Tech

Hong Kong-based Pickupp makes logistics more affordable for e-commerce sellers

Logistics startup co-founder and chief executive officer Crystal Pang

Logistics startup co-founder and chief executive officer Crystal Pang

Logistics is one of the biggest challenges in e-commerce, especially for smaller merchants. Pickupp helps them compete in the on-demand economy with flexible, customizable delivery services. Based in Hong Kong, Pickupp also operates in Malaysia, Singapore and Taiwan, and claims it can save clients an average of about 28% in logistic costs.

Pickupp is able to do this with an asset-light business model. Instead of operating warehouses or its own fleets, it partners with logistics companies and uses proprietary software to make delivering batches of orders more efficient.

The company, which currently serves about 10,000 e-commerce merchants, announced last month it closed an undisclosed amount in Series A funding from Vision Plus Capital, Alibaba Enterpreneurs Fund, Cyperport Macro Fund, Swire Properties New Ventures and SparkLabs Taipei.

Pickupp currently offers three kinds of door-to-door delivery services: on-demand couriers who deliver within a four hour window, same day deliveries, and one to three day deliveries. It can also customize logistics and last-minute delivery solutions for businesses.

In Singapore, Pickupp runs its own e-commerce platform. Called Shop On Pickupp, the platform enables merchants to move more of their retail operations online and has been used to digitize marketplaces like the Shilin Singapore Night Market during the COVID-19 pandemic.

Before starting Pickupp, co-founder and chief executive officer Crystal Pang, a software engineer by training, was part of the team that launched Uber in Hong Kong in 2014.

“Around that time, I started looking into logistics, because I found out a lot of merchants were trying to use Uber cars to deliver other stuff, anything but people,” she said.

But unlike delivery services, merchants couldn’t bargain with Uber drivers—for example, negotiating discounted fees if they were able to wait longer for a vehicle. “That’s the gist of logistics, because everyone wants to get part of those cost savings,” Pang said. Sensing a market opportunity, Pang began using her software engineering background to think of a solution.

Pickupp was founded in December 2016 and began operating the next year. When it launched, Pickupp already had formidable rivals like Gogovan and Lalamove. But since those companies focused mainly on on-demand, point-to-point delivery, Pang saw an opportunity to tackle other parts of the supply chain.

“How we see ourselves compared to other logistics companies is that we fulfill all these e-commerce needs. We behave like a logistics company, but we don’t need to own anything. So we perform the function of a traditional logistics company, which in this area is SF Express or Ninja Van, that lease warehouses and operate their own fleets, but Pickupp choses a lightweight asset approach to getting it done,” she said.

Pickupp positions itself more as a data and tech company, Pang added.

“You can almost imagine us as a monitoring system,” she said. Pickupp partners with sorting facilities, cross-border freight forwarders and delivery vehicles, and gives merchants visibility into where orders are along the supply chain.

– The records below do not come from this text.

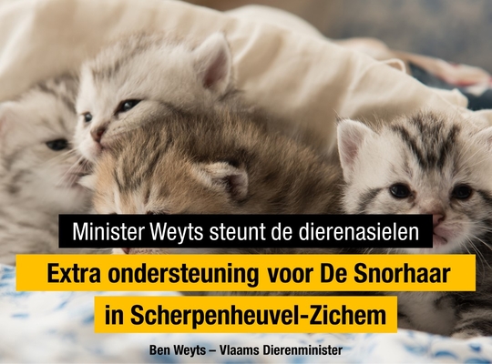 Vlaams Dierenminister Ben Weyts (N-VA) geeft € 6.266 financiële steun aan De Snorhaar vzw in Scherpenheuvel-Zichem. Tot voor amper een paar jaar geleden kregen dierenasielen geen enkele structurele steun vanuit de overheid, maar nu maakt Weyts in totaal € 775.000 vrij voor de asielen. Bovenop de structurele steun kunnen de asielen ook nog rekenen op extra middelen als ze dieren opvangen die de Inspectie Dierenwelzijn in beslag genomen heeft bij dierenbeulen. “We investeren steeds meer in onze asielen, want ze zijn van onschatbare waarde in onze strijd voor méér dierenwelzijn. De Snorhaar vzw in Scherpenheuvel-Zichem doet fantastisch werk”, zegt Weyts. “De asielmedewerkers verdienen daarvoor alle waardering en steun.”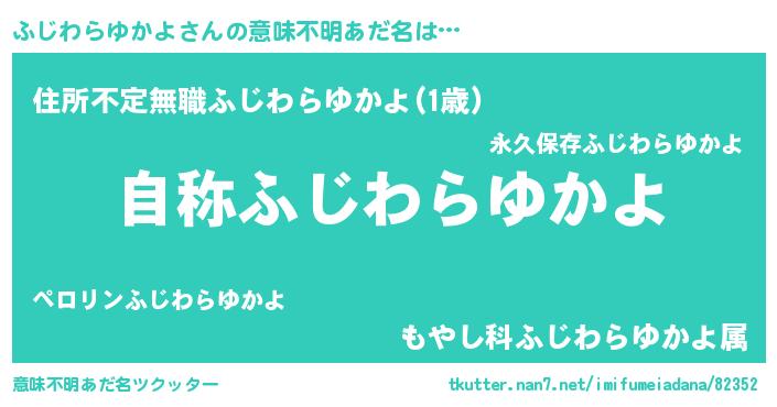 | ヘコむあだ名 | 『ふじわらゆかよ(小並感)』『ふじふぇ~』 |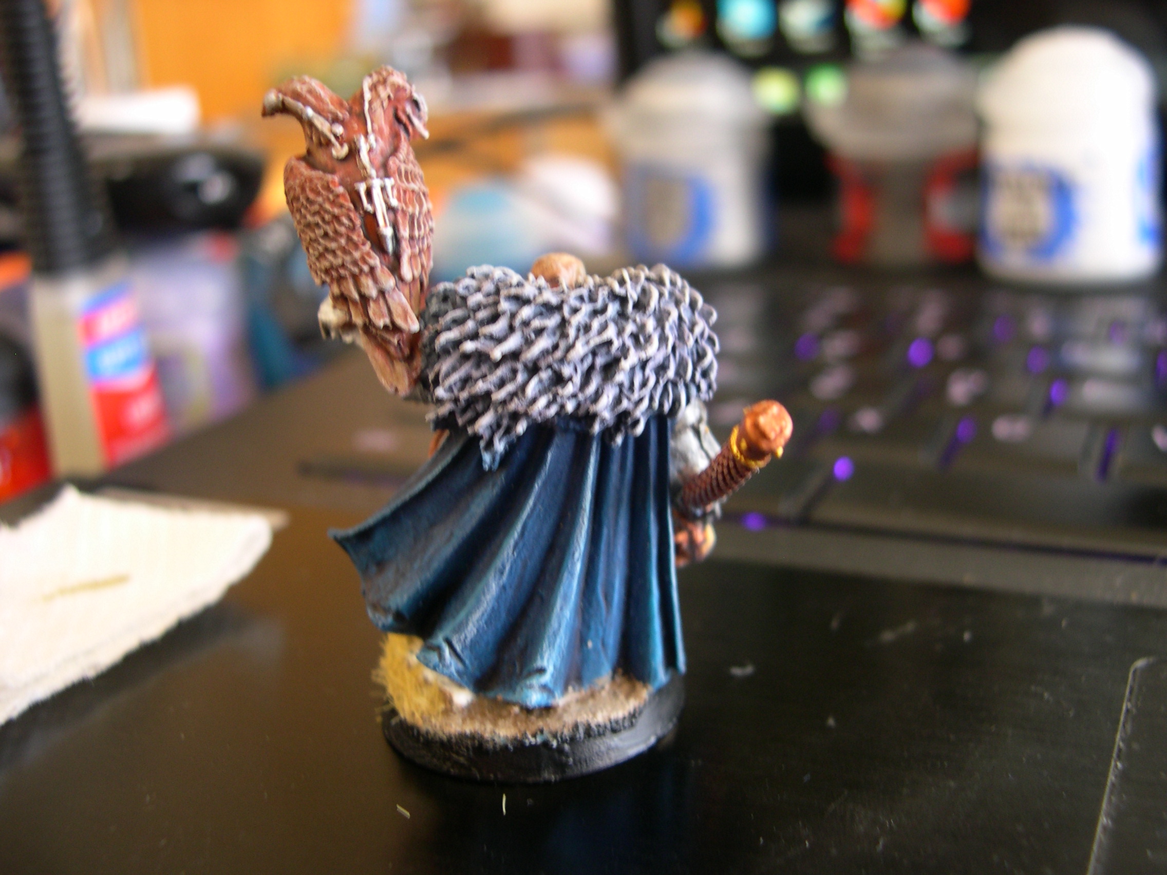 next I drybrush altdorf guard blue over all the kantor blue and drybrush white over the inked areas.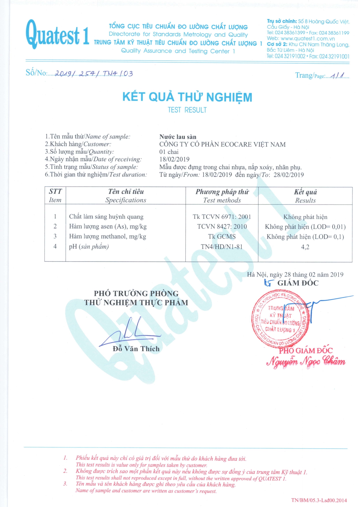 Công bố TCCS: Sản phẩm có giấy chứng nhận của cơ quan kiểm định Intertek thuộc Vương Quốc Anh, giấy chứng nhận Trung tâm Kỹ thuật Tiêu chuẩn Đo lường Chất lượng 1 (QUATEST 1)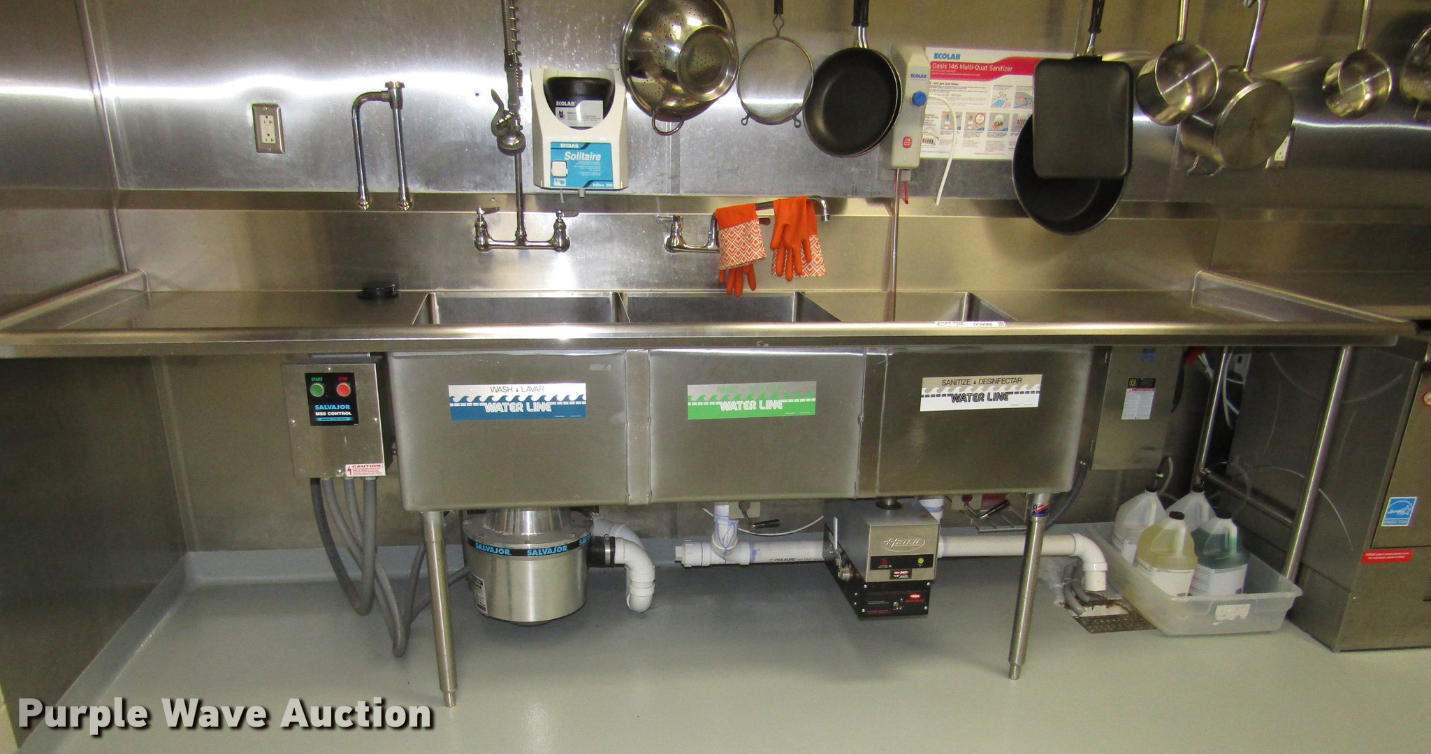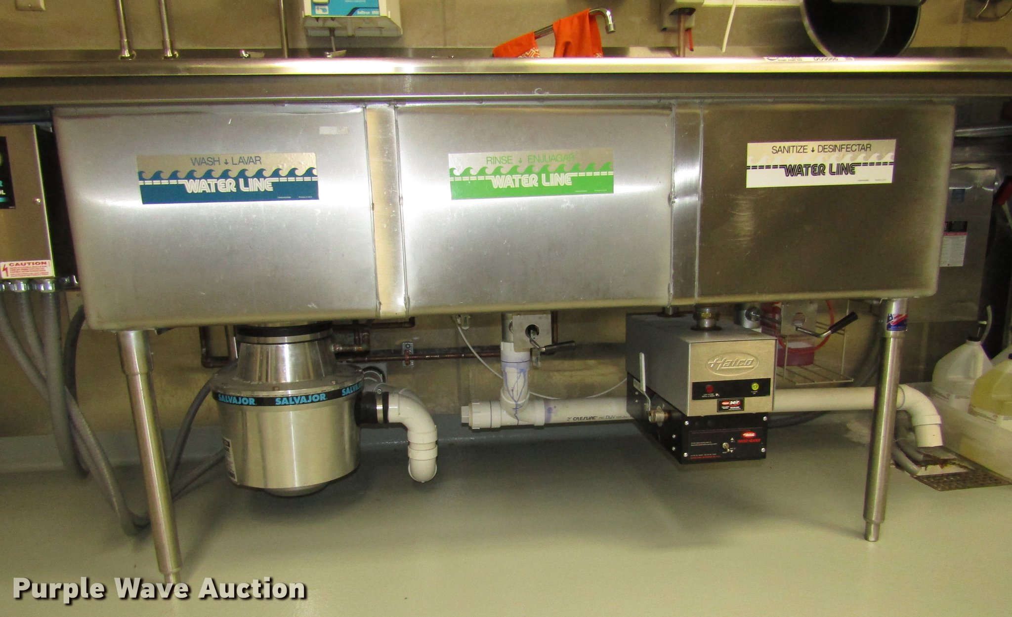 Purple Wave is selling a used Restaurant Equip. in Nebraska. This item is a Stainless steel triple sink and table with the following: 10'W x 36"D x 45"H overall, (3) 20"W x 14"D x 30"L sinks, 60"W x 25"D x 36"H stainless steel table, Hatco 3CS-9 water heater, 208V, Single or three phase, Serial 8549511627, Faucets and drain pipe not included, Dishwashers not included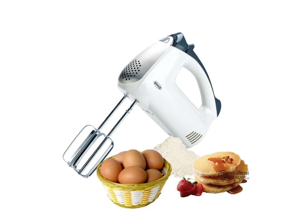 Praktický šlehač do ruky za dobrou cenu. Výkonný ruční šlehač, který má 5 rychlostních stupňů + tlačítko TURBO. Součástí jsou 2 šlehací a 2 hnětací metly z nerez oceli .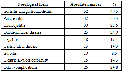 The disease structure included gastritis and gastroduodenitis in 52 (49.5%) cases, pancreatitis in 32 (30.5%), cholecystitis in 30 (28.6%), duodenal ulcer disease in 25 (24.0%), hepatitis in 18 (17.1%), and gastric ulcer disease in 15 (14.3%). Bulbitis was identified in 10 (9.5%) patients. Cicatricial-ulcer deformity was diagnosed in 15 (14.3%) patients, while other complications were observed in 26 (24.8%) cases (Table 2).Table 2. Structure of hepatopancreatoduodenal system diseases  |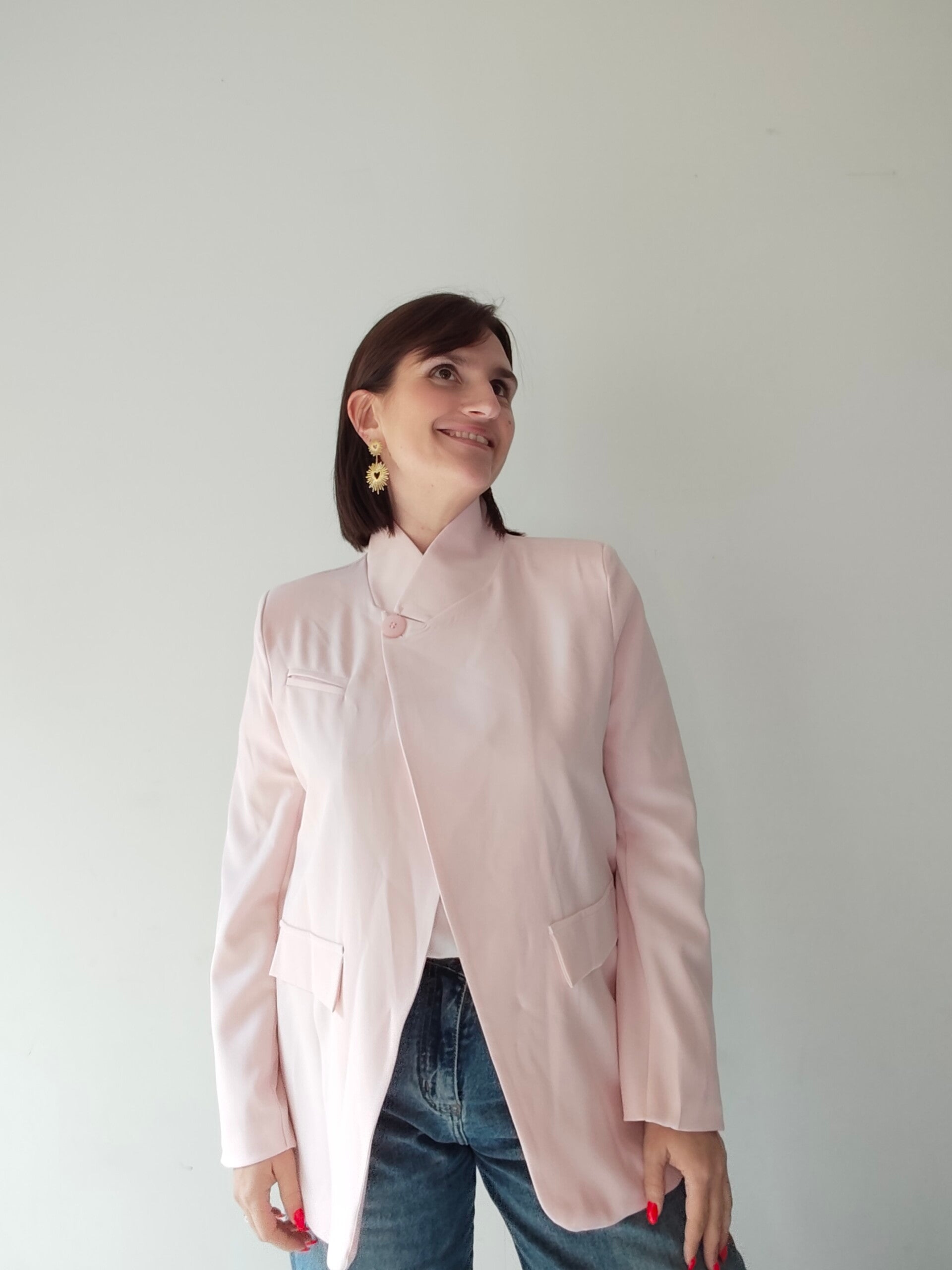 . S'attache avec une bouton asymétrique ou bien on peut le laisser en blazer classique.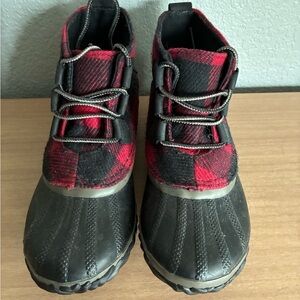 Sorel women’s size 5.5 Red and Black Plaid Boots NWOT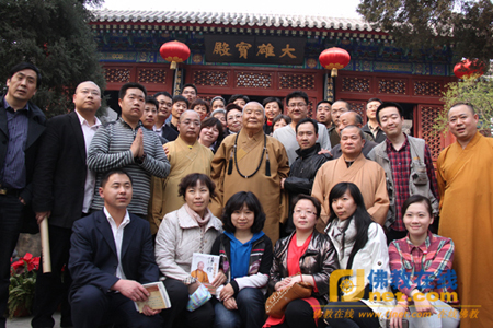 中国佛教图书文物馆馆长圆持法师等在山门外热情迎接星云大师一行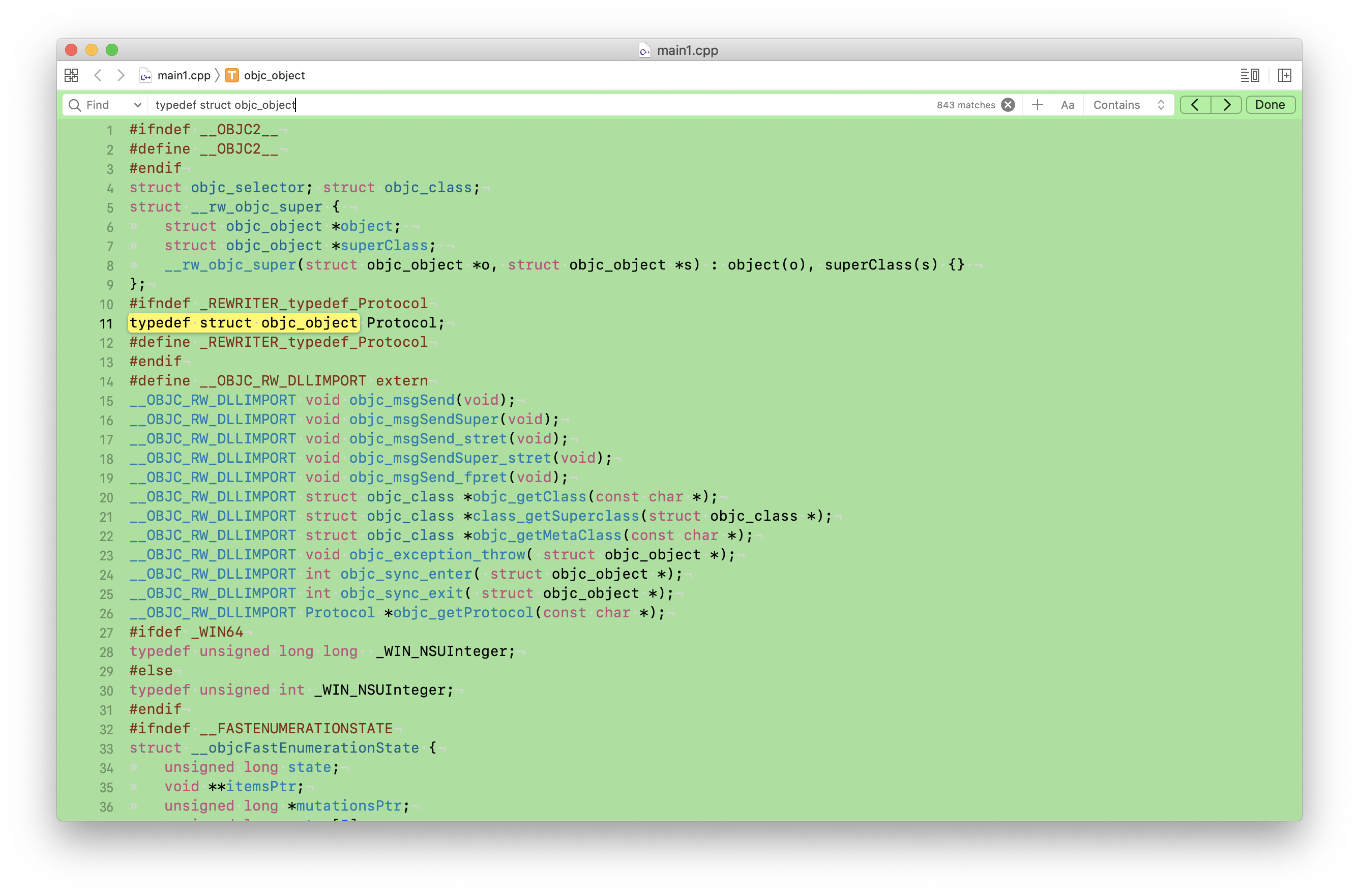 我们再次进行全局 搜索 typedef struct objc_object得到843个结果,可见这个结构体一定定义了很多很多的东西。
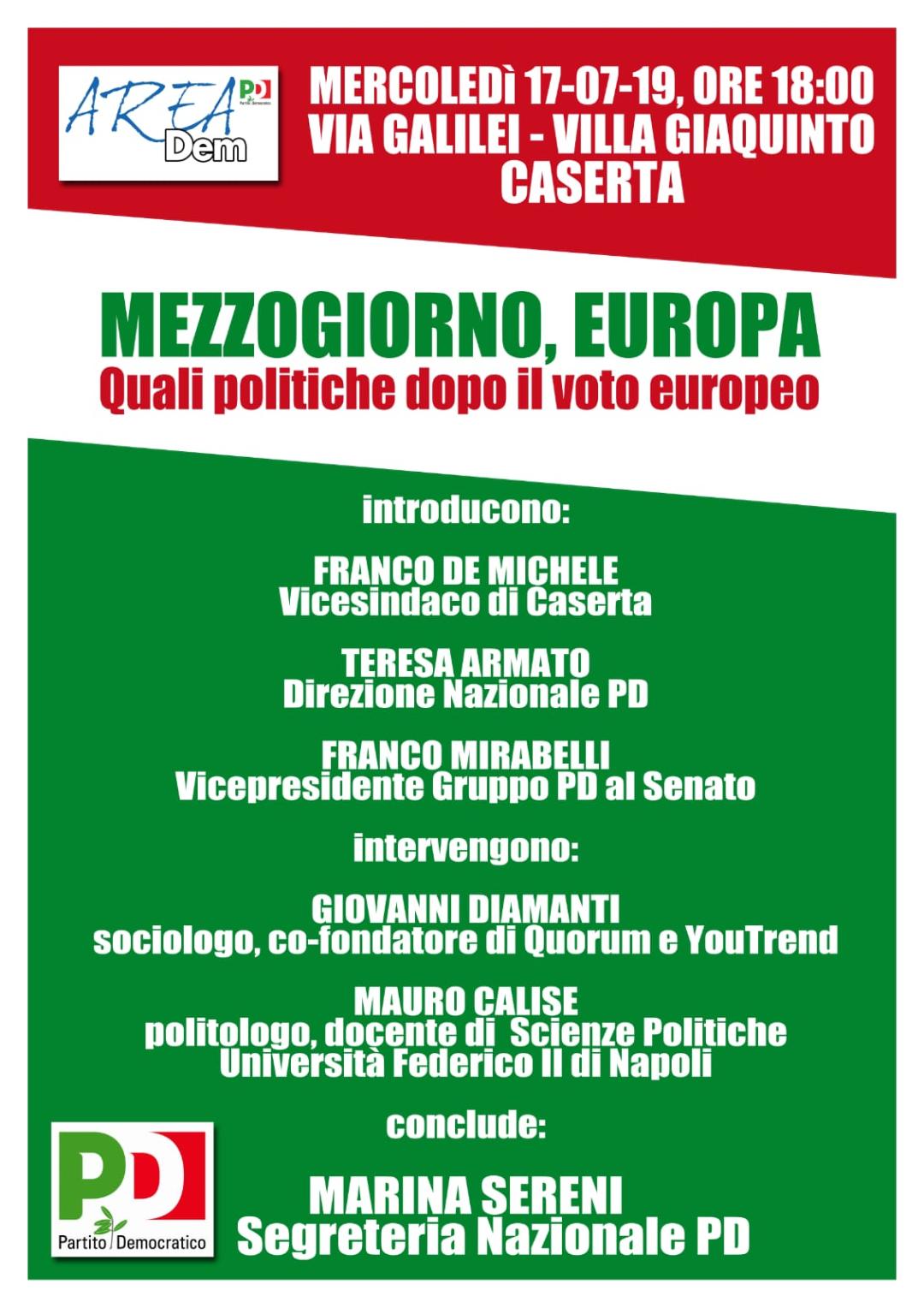 Mercoledì 17 luglio alle ore 18.00 si terrà l’incontro “Mezzogiorno, Europa. Quali politiche dopo il voto europeo” presso la Villa Giaquinto in Via Galilei a Caserta.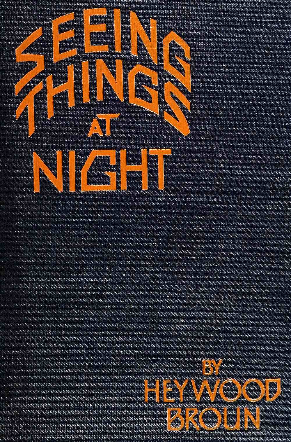 THE first difficulty was the title. It was felt that Seeing Things at Night might suggest theatrical essays to the exclusion of anything else. That was not the author's intention. He meant to suggest rather newspaper articles of any sort done more or less on the spur of the moment for next day's consumption. There was also some question as to the order in which the various "pieces" should be arranged. The author was tempted to follow the example of Adolf Wolff, a free verse poet who published a volume some years ago called Songs, Sighs and Curses, and explained in a foreword, "When asked in what sequence he would arrange his poems, Wolff threw the manuscripts in the air, saying 'Let Fate decide.' They now appear in the order in which they were picked up from the floor."

Its system keeps costs down by predicting when and where available delivery people will be available, so it can match them with batches of orders. This also prevents bottlenecks during demand spikes and makes sure couriers are used at the most capacity possible, which is especially important for holidays and major shopping events like Double Eleven and Black Friday.

One of Pickupp’s advantages is that its system is designed to be flexible so it can scale into new Asian markets quickly. Pang told TechCrunch that the round will be used to add more services, and invest in machine learning, predictive analytics and understanding customer purchasing behavior. The company also plans to expand into up to five new Asian markets over the next three years.